NSTimeInterval is a double, so if you assign it directly to a NSInteger (or int, if you wish) it'll work. This will cut off the time to the nearest second.

If you wish to round to the nearest second (rather than have it cut off) you can use round before you make the assignment:

NSTimeInterval interval = 1002343.5432542;
NSInteger time = round(interval);
//time is now equal to 1002344

I suspect that NSTimeInterval values from NSDate would overflow an NSInteger. You'd likely want a long long. (64 bit integer.) Those can store honking-big integer values (-2^63 to 2^63 -1)

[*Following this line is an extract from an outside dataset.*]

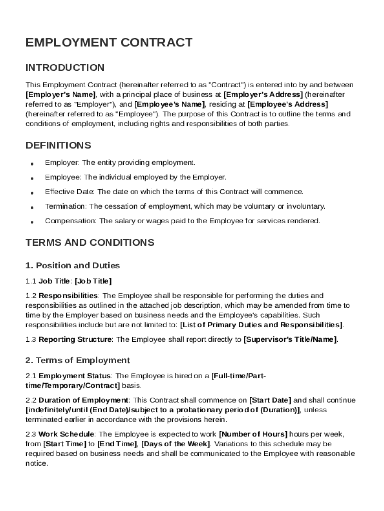 An employment contract is a formal agreement between an employer and an employee detailing the terms of employment. It's crucial for establishing the legal framework of employment relationships, safeguarding rights, and outlining responsibilities. Misunderstandings about these documents can lead to disputes; hence learning about them is essential.

long long integerSeconds = round([NSDate timeIntervalSinceReferenceDate]);

EDIT:

It looks like an NSInteger CAN store an NSTimeInterval, at least for the next couple of decades. The current date's timeIntervalSinceReferenceDate is about 519,600,000, or about 2^28. On a 32 bit device, and NSInteger can hold a value from -2^31 to 2^31-1. (2^31 is 2,147,483,648


In Swift 3.0

let timestamp = round(NSDate().timeIntervalSince1970)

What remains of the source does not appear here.